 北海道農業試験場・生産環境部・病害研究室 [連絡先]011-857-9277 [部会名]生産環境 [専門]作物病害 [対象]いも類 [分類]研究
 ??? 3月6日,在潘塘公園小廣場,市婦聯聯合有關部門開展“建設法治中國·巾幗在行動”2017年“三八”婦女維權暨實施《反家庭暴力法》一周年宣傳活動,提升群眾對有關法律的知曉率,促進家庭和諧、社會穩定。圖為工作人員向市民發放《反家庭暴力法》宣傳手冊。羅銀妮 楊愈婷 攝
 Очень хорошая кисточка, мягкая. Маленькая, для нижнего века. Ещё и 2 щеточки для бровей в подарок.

* * *

Retype the entire listing without altering anything.

 北海道農業試験場・生産環境部・病害研究室 [連絡先]011-857-9277 [部会名]生産環境 [専門]作物病害 [対象]いも類 [分類]研究
 ??? 3月6日,在潘塘公園小廣場,市婦聯聯合有關部門開展“建設法治中國·巾幗在行動”2017年“三八”婦女維權暨實施《反家庭暴力法》一周年宣傳活動,提升群眾對有關法律的知曉率,促進家庭和諧、社會穩定。圖為工作人員向市民發放《反家庭暴力法》宣傳手冊。羅銀妮 楊愈婷 攝
 Очень хорошая кисточка, мягкая. Маленькая, для нижнего века. Ещё и 2 щеточки для бровей в подарок.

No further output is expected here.